RFC 1951 - DEFLATE Data Compression Algorithm

RFC 1951 - DEFLATE Data Compression Algorithm

Details

Category: Uncategorized

Created: June 14, 2005

Updated: January 27, 2020

Language: VHDL

Other project properties

Development Status: Alpha

Additional info: Design done

WishBone compliant: Yes

WishBone version: n/a

License: GPL

Description

A VHDL implementation of the open DEFLATE data compression algorithm. The DEFLATE standard is specified in RFC 1951 and was jointly developed by Jean-loup Gailly and Mark Adler. More information about the DEFLATE algorithm is available on the zlib library home page www.zlib.org

The full text of the deflate specification and a brief explanation are available on :
http://www.gzip.org/zlibrfc-deflate.html

At the core the algorithm uses LZ77 compression, a veriy nice explanation for which is available on the zlib website and I have quoted below

LZ77 compression

LZ77 compression works by finding sequences of data that are repeated. The term ``sliding window'' is used; all it really means is that at any given point in the data, there is a record of what characters went before. A 32K sliding window means that the compressor (and decompressor) have a record of what the last 32768 (32 * 1024) characters were. When the next sequence of characters to be compressed is identical to one that can be found within the sliding window, the sequence of characters is replaced by two numbers: a distance, representing how far back into the window the sequence starts, and a length, representing the number of characters for which the sequence is identical.
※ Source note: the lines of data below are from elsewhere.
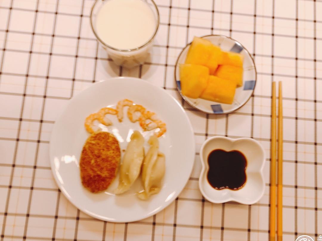 锅贴+蟹壳黄+豆浆+哈密瓜,拍了护了点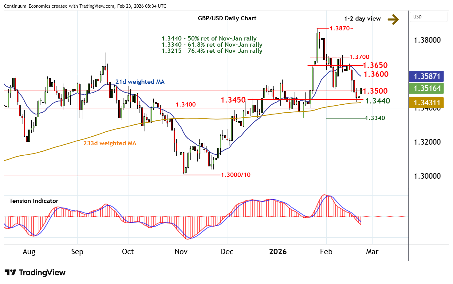 08:10 GMT - Consolidation following the test of support within the 1.3440 Fibonacci retracement and congestion around 1.3450 is giving way to a bounce, as intraday studies turn higher, with prices currently balanced in fresh consolidation above 1.3500. Oversold daily stochastics are ticking higher, suggesting room for further tests higher. But the bearish daily Tension Indicator and negative weekly charts should limit scope in renewed selling interest beneath congestion resistance at 1.3600. Following cautious/corrective trade, fresh losses are looked for. A later close below 1.3440/50 will add weight to sentiment and extend late-January losses towards congestion around 1.3400. Continuation towards the 1.3340 retracement cannot be ruled out.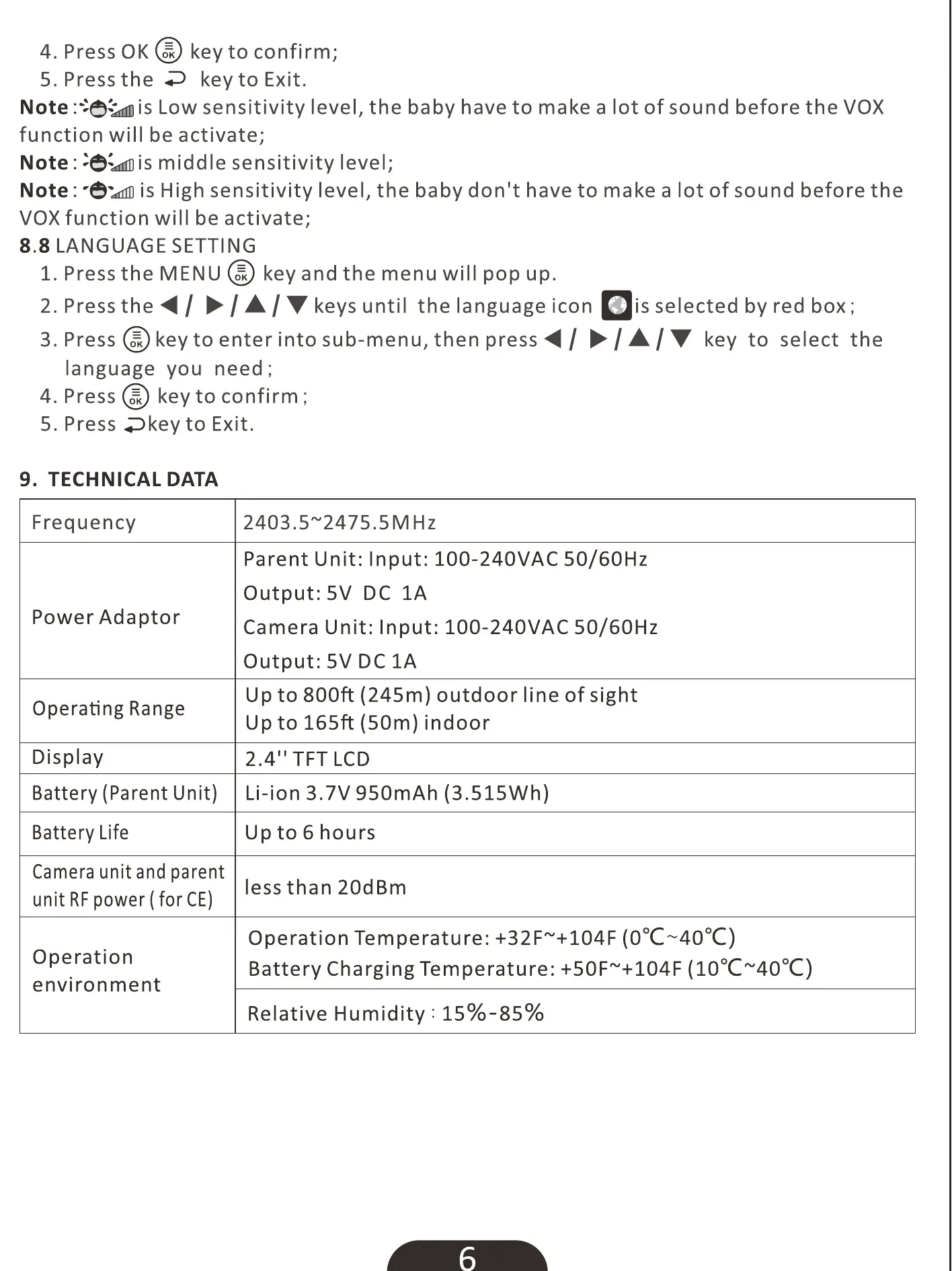 Parent Unit: Input: 100-240VAC 50/60Hz

I realize this is a lot easier to see than to just be told. Let's look at some highly compressible data:

Blah blah blah blah blah!

Our datastream starts by receiving the following characters: `B,' `l,' `a,' `h,' ` ,' and `b.' However, look at the next five characters:

vvvvv
Blah blah blah blah blah!
^^^^^

There is an exact match for those five characters in the characters that have already gone into the datastream, and it starts exactly five characters behind the point where we are now. This being the case, we can output special characters to the stream that represent a number for length, and a number for distance.

The data so far:

Blah blah b

The compressed form of the data so far:

Blah b[D=5,L=5]

The compression can still be increased, though to take full advantage of it requires a bit of cleverness on the part of the compressor. Look at the two strings that we decided were identical. Compare the character that follows each of them. In both cases, it's `l' -- so we can make the length 6, and not just five. But if we continue checking, we find the next characters, and the next characters, and the next characters, are still identical -- even if the so-called ``previous'' string is overlapping the string we're trying to represent in the compressed data!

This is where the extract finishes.